Records contained in a dataset:
● ● ● ●

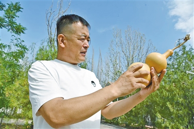 苏海峰今年50岁,他潜心钻研葫芦烫画技艺二十余载,创作出上千件精美的葫芦烫画作品。2022年4月,他被自治区文化与旅游厅评为“2022年农村牧区文化示范户”,成为乌海市唯一获此殊荣的民间艺术家。
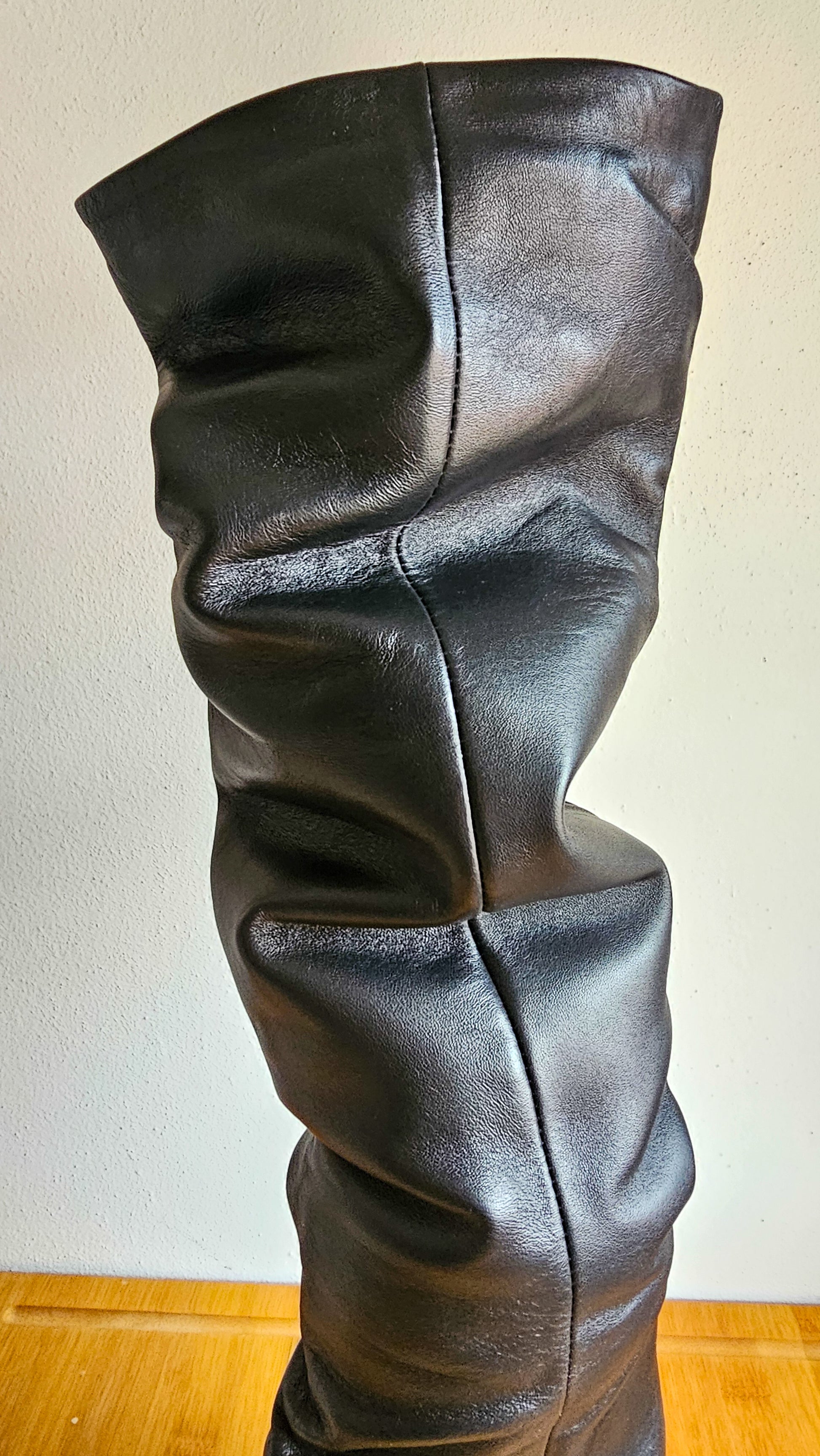 • Linea: stivale alto al ginocchio, effetto arricciato
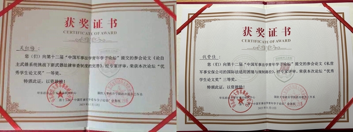 2021级国际法学专业研究生吴红梅同学(导师:陶立峰)撰写论文《论自主武器系统挑战下新武器法律审查制度的完善》、2023级法律硕士(法学)研究生钱费佳同学(导师:吴宁铂)撰写论文《私营军事安保公司的国际法适用困境与规制路径》,在第十二届“中国军事法学青年学子论坛”上分别荣获“优秀学生论文奖”一等奖和三等奖。
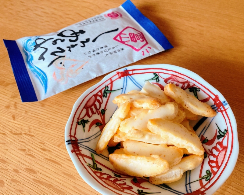 生地に白エビを練り込んで、香ばしく焼いたおせんべい。大きいサイズの柿の種のような形状で、白エビの繊細な風味を生かしたあられです。小袋で販売しているので、バラマキ土産にもおすすめ。
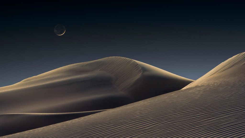 Περπάτησα αρκετά στους αμμόλοφους και τελικά βρήκα τι θα βάλω σε πρώτο πλάνο, κάτι που είχα φανταστεί για αυτή τη λήψη. Καθώς έστηνα τον εξοπλισμό μου, το κόκκινο του ηλιοβασιλέματος έσβησε στο μπλε λυκόφως. Μόλις συγκεντρώθηκαν όλα, κοίταξα ψηλά και είδα μια λαμπερή λωρίδα ενός μισοφέγγαρου που σκιαγραφούσε το σκοτεινό αλλά ορατό πρόσωπό του. Μετά από μία παύση για να απολαύσω το θέαμα, ασχολήθηκα με την φωτογράφιση.

● ● ● ●

Task → Retype the entries verbatim and drop the pictures.

Solved problem →
 苏海峰今年50岁,他潜心钻研葫芦烫画技艺二十余载,创作出上千件精美的葫芦烫画作品。2022年4月,他被自治区文化与旅游厅评为“2022年农村牧区文化示范户”,成为乌海市唯一获此殊荣的民间艺术家。
 • Linea: stivale alto al ginocchio, effetto arricciato
 2021级国际法学专业研究生吴红梅同学(导师:陶立峰)撰写论文《论自主武器系统挑战下新武器法律审查制度的完善》、2023级法律硕士(法学)研究生钱费佳同学(导师:吴宁铂)撰写论文《私营军事安保公司的国际法适用困境与规制路径》,在第十二届“中国军事法学青年学子论坛”上分别荣获“优秀学生论文奖”一等奖和三等奖。
 生地に白エビを練り込んで、香ばしく焼いたおせんべい。大きいサイズの柿の種のような形状で、白エビの繊細な風味を生かしたあられです。小袋で販売しているので、バラマキ土産にもおすすめ。
 Περπάτησα αρκετά στους αμμόλοφους και τελικά βρήκα τι θα βάλω σε πρώτο πλάνο, κάτι που είχα φανταστεί για αυτή τη λήψη. Καθώς έστηνα τον εξοπλισμό μου, το κόκκινο του ηλιοβασιλέματος έσβησε στο μπλε λυκόφως. Μόλις συγκεντρώθηκαν όλα, κοίταξα ψηλά και είδα μια λαμπερή λωρίδα ενός μισοφέγγαρου που σκιαγραφούσε το σκοτεινό αλλά ορατό πρόσωπό του. Μετά από μία παύση για να απολαύσω το θέαμα, ασχολήθηκα με την φωτογράφιση.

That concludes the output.